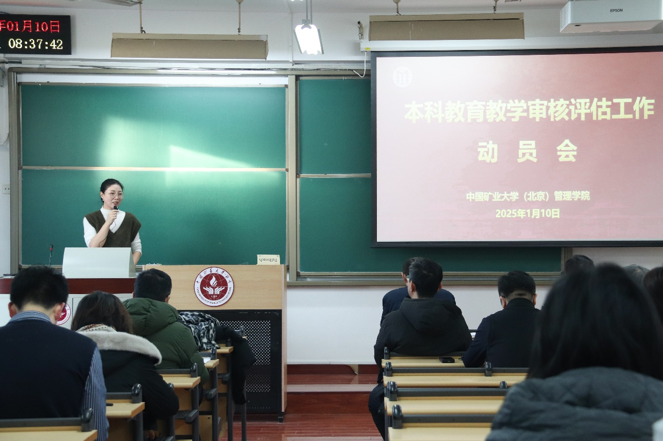 为贯彻落实教育部新一轮本科教育教学审核评估工作,2025年1月10日上午,管理学院在教学楼201教室召开本科教学评估启动动员会。院党委书记高洁、院长张瑞、党委副书记李邦三、副院长黄辉、副院长杨洋出席会议,管理学院全体教职工参加会议。会议由高洁主持。
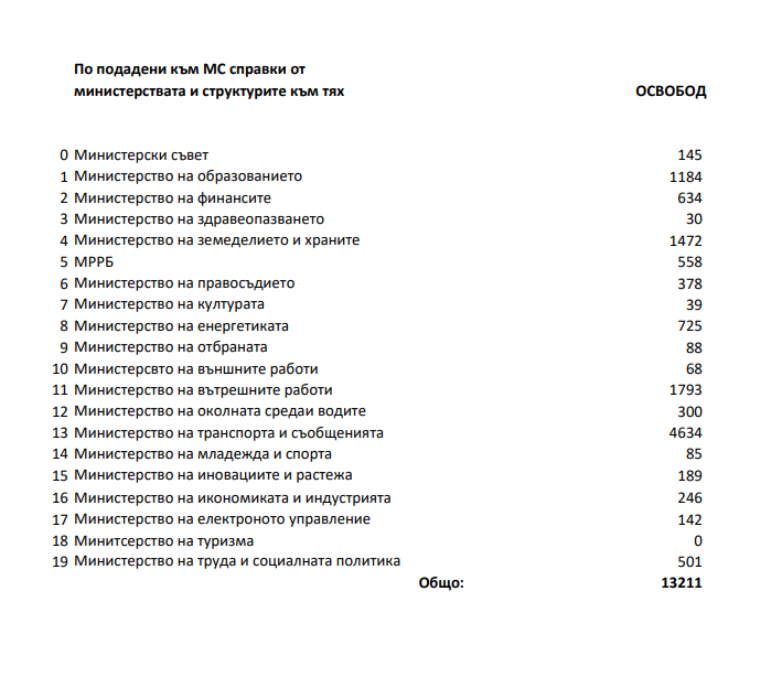 Оттам изпратиха подробна таблица с информация за отделните министерства.
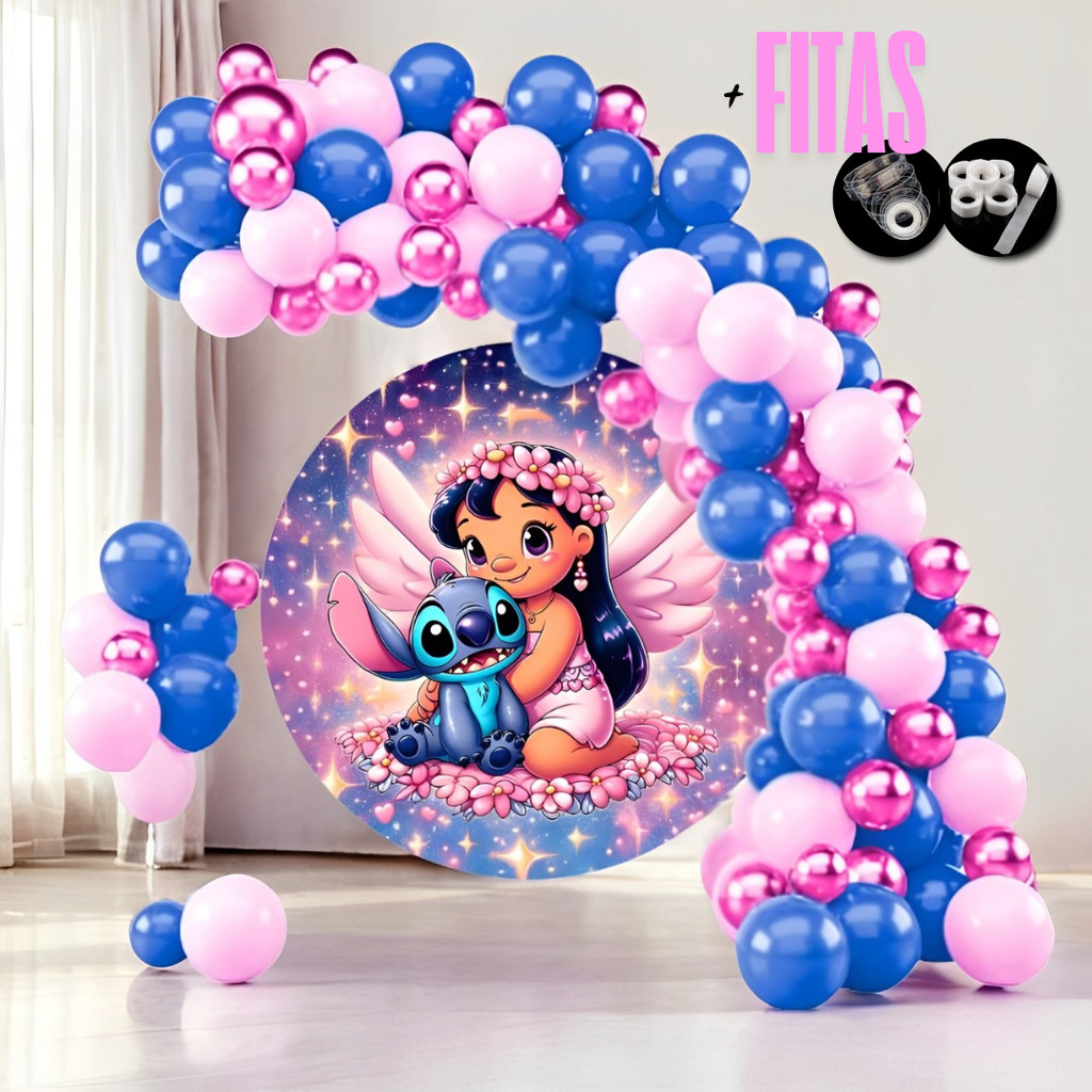 Kit 125 Balões Festa Stitch & Angel + Fita Arco - Balão Bexiga Liso/Cromado Para Aniversários

■ **PROBLEM DESCRIPTION**
Please restate the whole listing exactly, without any of its pictures.

■ **ANSWER TO THE EXERCISE**
 为贯彻落实教育部新一轮本科教育教学审核评估工作,2025年1月10日上午,管理学院在教学楼201教室召开本科教学评估启动动员会。院党委书记高洁、院长张瑞、党委副书记李邦三、副院长黄辉、副院长杨洋出席会议,管理学院全体教职工参加会议。会议由高洁主持。
 Оттам изпратиха подробна таблица с информация за отделните министерства.
 Kit 125 Balões Festa Stitch & Angel + Fita Arco - Balão Bexiga Liso/Cromado Para Aniversários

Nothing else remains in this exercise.